The 2018 Program includes, among other provisions, termination and clawback provisions.
The description of the 2018 Program contained herein is a summary of the material terms of the 2018 Program, does not purport to be complete, and is qualified in its entirety by reference to the 2018 Program, which is attached to this Current Report on Form 8-K as Exhibit 10.1 and incorporated herein by reference.
Performance Stock Units and Restricted Stock Units
Also on February 27, 2018, the Committee approved terms and conditions for additional incentive grants of performance stock units and restricted stock units for certain of the Company’s senior officers pursuant to the Plan.

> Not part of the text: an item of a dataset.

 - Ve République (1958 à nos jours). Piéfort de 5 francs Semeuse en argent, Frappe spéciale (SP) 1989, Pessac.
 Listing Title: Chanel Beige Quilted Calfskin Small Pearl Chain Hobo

Two types of performance stock units were awarded: (1) performance stock units subject to the Company’s ROIC performance and (2) performance stock units subject to the Company’s Earnings Per Share (“EPS”) performance.
The 2018 performance stock units tied to ROIC provide that the number of performance stock units that will be earned will be based on whether and to what extent ROIC performance goals for 2018 are satisfied, and that any earned performance stock units will vest on March 1, 2020. The Company’s ROIC (as it may be adjusted) for fiscal 2018 must be 30% in order for the target number of ROIC performance stock units to be earned, and must be 45% for fiscal 2018 for the maximum number of ROIC performance stock units to be earned, which maximum amount is 400% of the target number of ROIC performance stock units.

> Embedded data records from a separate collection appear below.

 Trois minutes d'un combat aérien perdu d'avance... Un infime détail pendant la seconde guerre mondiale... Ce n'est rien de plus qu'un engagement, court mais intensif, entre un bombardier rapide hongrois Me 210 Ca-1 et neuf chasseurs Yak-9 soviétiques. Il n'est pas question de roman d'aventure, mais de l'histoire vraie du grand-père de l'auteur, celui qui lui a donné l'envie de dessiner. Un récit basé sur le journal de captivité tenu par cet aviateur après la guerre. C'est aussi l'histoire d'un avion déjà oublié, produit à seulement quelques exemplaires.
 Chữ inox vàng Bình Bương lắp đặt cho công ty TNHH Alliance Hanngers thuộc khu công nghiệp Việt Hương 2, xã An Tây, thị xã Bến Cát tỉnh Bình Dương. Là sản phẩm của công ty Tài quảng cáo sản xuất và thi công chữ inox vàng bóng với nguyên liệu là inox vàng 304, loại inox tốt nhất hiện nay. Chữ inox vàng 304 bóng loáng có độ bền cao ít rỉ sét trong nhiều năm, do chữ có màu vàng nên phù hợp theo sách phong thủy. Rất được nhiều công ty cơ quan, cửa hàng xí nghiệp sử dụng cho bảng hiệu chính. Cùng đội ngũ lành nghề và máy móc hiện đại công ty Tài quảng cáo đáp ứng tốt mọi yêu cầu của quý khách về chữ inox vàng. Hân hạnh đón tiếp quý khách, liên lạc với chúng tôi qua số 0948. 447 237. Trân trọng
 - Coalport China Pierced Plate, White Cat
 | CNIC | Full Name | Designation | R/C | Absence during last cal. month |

The 2018 performance stock units tied to EPS provide that the number of performance stock units that will be earned will be based on whether and to what extent cumulative growth of adjusted EPS exceeds a benchmark determined by the Committee over the two-year performance period of 2018-2019, and that any earned performance stock units will vest on March 1, 2021. The number of EPS performance stock units that can be earned is: (i) if a threshold annualized growth percentage of approximately 7% is achieved, 50% of the target number of performance stock units will be earned; (ii) if a target annualized growth percentage of approximately 14% is achieved, 100% of the target number of performance stock units will be earned; and (iii) if a maximum annualized growth percentage of approximately 22% is achieved, 150% of the target number of performance stock units will be earned.
The 2018 restricted stock units vest over a 3-year period, with one-third vesting each year on the anniversary of the grant date.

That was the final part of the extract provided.